User report (2026-05-02 morning): after merging Step 5 and starting codec-observer, the macOS Screen Recording permission popup fired "over a hundred times" — the user clicked Allow but it kept coming back.

Root cause

Two-part bug in _get_screenshot_ocr:

  1. macOS Allow is one-shot. Persistent grant requires the System Settings toggle, not the popup's Allow button. Clicking Allow on the popup only authorizes that single call.

  2. ThreadPoolExecutor.__exit__ blocks on shutdown. When the popup appears, screencapture's subprocess hangs waiting for the user. My code:

    with ThreadPoolExecutor(max_workers=1) as ex:
        future = ex.submit(_screencapture_and_ocr_blocking)
        return future.result(timeout=timeout_s)

    __exit__ calls shutdown(wait=True) — blocks until the thread finishes. The thread can't finish until the popup is dismissed. The "100ms timeout" actually waited ~5s (subprocess.run's own 2s+3s chain). And the Q5.1 retry triggered a SECOND popup. Per poll: ~2 popups + 5s blocking.

Fix

Add ocr_enabled config flag (default True — preserves Step 5 behavior on permission-granted installs). When false, poll() skips _get_screenshot_ocr entirely. Buffer still captures active_window + clipboard + recent_files; only OCR is bypassed.

// ~/.codec/config.json
"observer": {
    "ocr_enabled": false   // disable per-machine until permissions granted
}

Test plan

  • 3 new tests added in tests/test_observer.py:
    • test_ocr_enabled_false_skips_screenshot_call — sentinel-based, raises if _get_screenshot_ocr is called despite the flag
    • test_ocr_enabled_default_is_true — preserves existing behavior
    • test_ocr_enabled_true_calls_screenshot — sanity check for the default path
  • pytest tests/test_observer.py33/33 passing in 0.21s. Zero side effects (Apple Reminders=0, /tmp/codec_*.txt=0).

Deployment

This PR ships the code change. The user's runtime config has ALREADY been edited to ocr_enabled: false (atomic write, backup at ~/.codec/config.json.bak-1777736987). After merge:

pm2 restart codec-observer

Observer resumes polling without OCR. No popups possible.

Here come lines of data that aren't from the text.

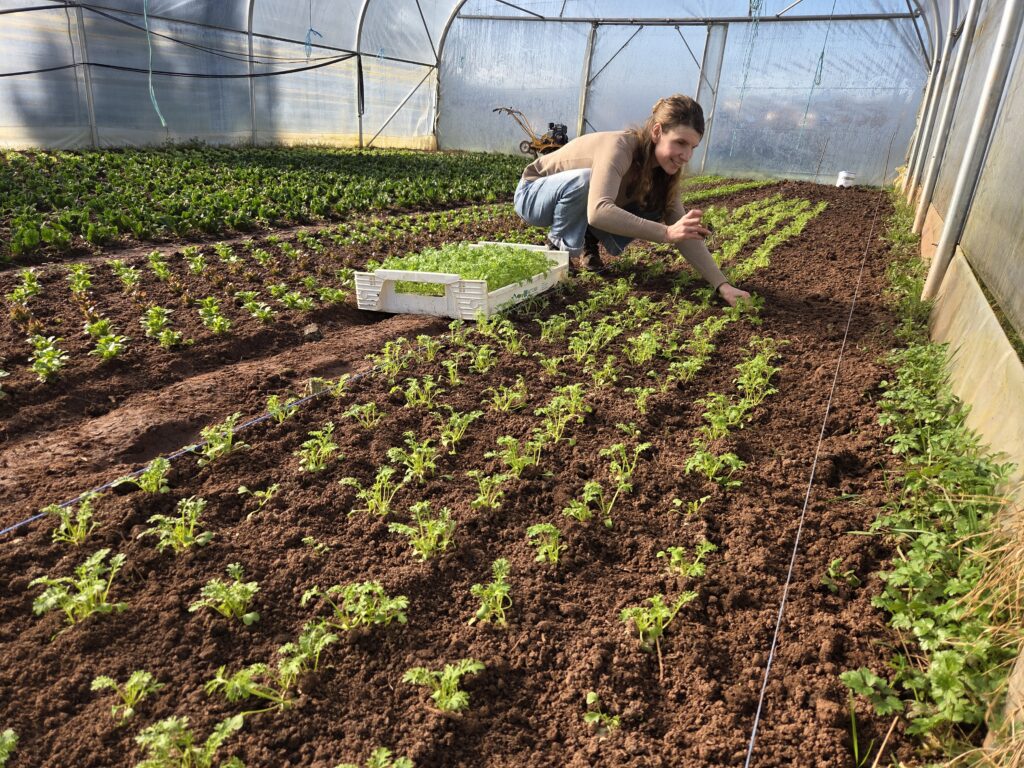 Jedes Jahr haben wir drei Durchgänge mit verschiedenen Kulturen im Folientunnel.
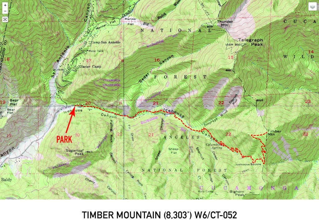 Brian (WA6JFK) and I were planning another pair of tandem activations. Sunset Peak was a good choice for a moderate hike, but what other juicy peak was nearby? I had climbed Timber Mountain twice before – once in 1981 and once in the winter of 1999. At 10 miles round trip and over 3,300′ of elevation gain, it poses a challenge to my current level of conditioning. I decided that’s a good thing!
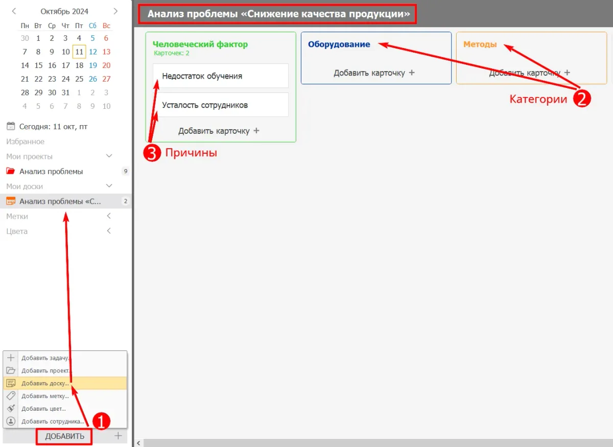 Каждая категория причин будет представлена в виде колонки на доске, куда можно добавлять карточки с подпричинами и идеями. Такое наглядное представление помогает команде лучше понять взаимосвязи и организовать мозговой штурм.
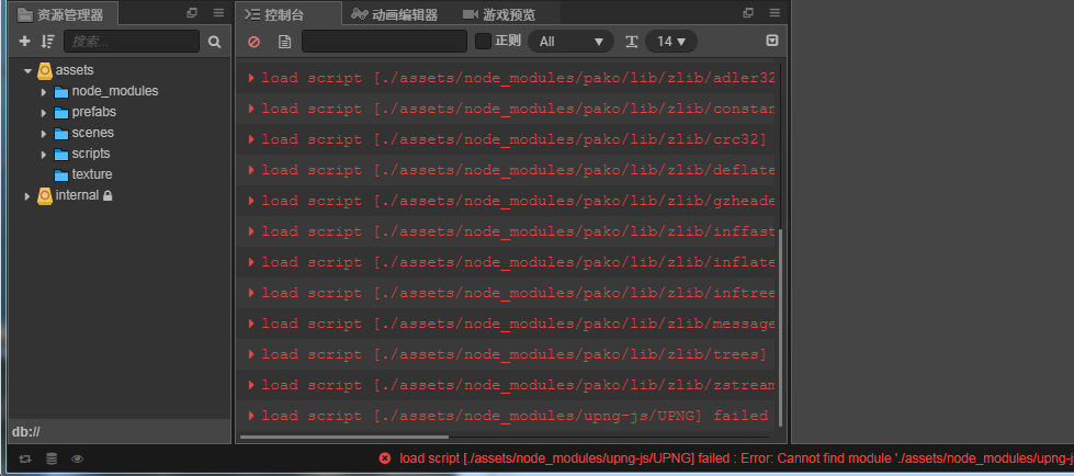 后面我想着把库文件node_modules移到assets里试下,直接报一堆load scripts failed… 如下图
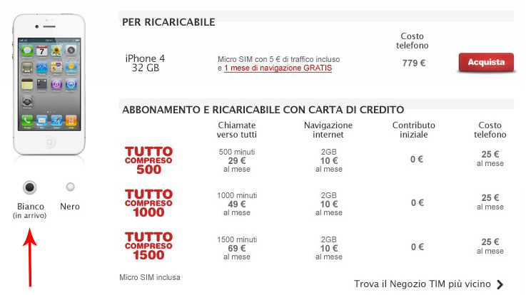 Dopo essere apparso nei sistemi di vendita di tantissimi gestori telefonici in tutto il mondo, l’iPhone 4 bianco è comparso “come per magia” anche nel sito di TIM.
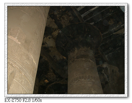 內殿屋頂黑黑的,並非燒掉。而是荷魯斯神殿原本埋在沙裡,這裡有一半都是沙子。有一群怕被羅馬殺害基督教徒躲在這生火30多年,每天冒煙被燻黑的。

Permanent fix (out of scope for this hotfix)

Two follow-ups for a future PR:

  1. Permissions docs in AGENTS.md: how to grant Screen Recording + Accessibility to node AND python3.13 via System Settings. Persistent grant survives restarts.
  2. Subprocess-leak fix: replace ThreadPoolExecutor + future.result(timeout=...) with subprocess.Popen + explicit proc.kill() on timeout. The current shutdown-wait pattern is the underlying root cause; the ocr_enabled flag is just the immediate off-switch.

🤖 Generated with Claude Code

User report (2026-05-02): after merging Step 5 and starting codec-observer,
the screencapture-based OCR fired the macOS Screen Recording permission
popup repeatedly — "over a hundred times" per user. Each click of "Allow"
on the popup grants only one-time access; the persistent grant is the
toggle in System Settings → Privacy & Security → Screen & System Audio
Recording.

Compounding bug in codec_observer._get_screenshot_ocr:

  with ThreadPoolExecutor(max_workers=1) as ex:
      future = ex.submit(_screencapture_and_ocr_blocking)
      return future.result(timeout=timeout_s)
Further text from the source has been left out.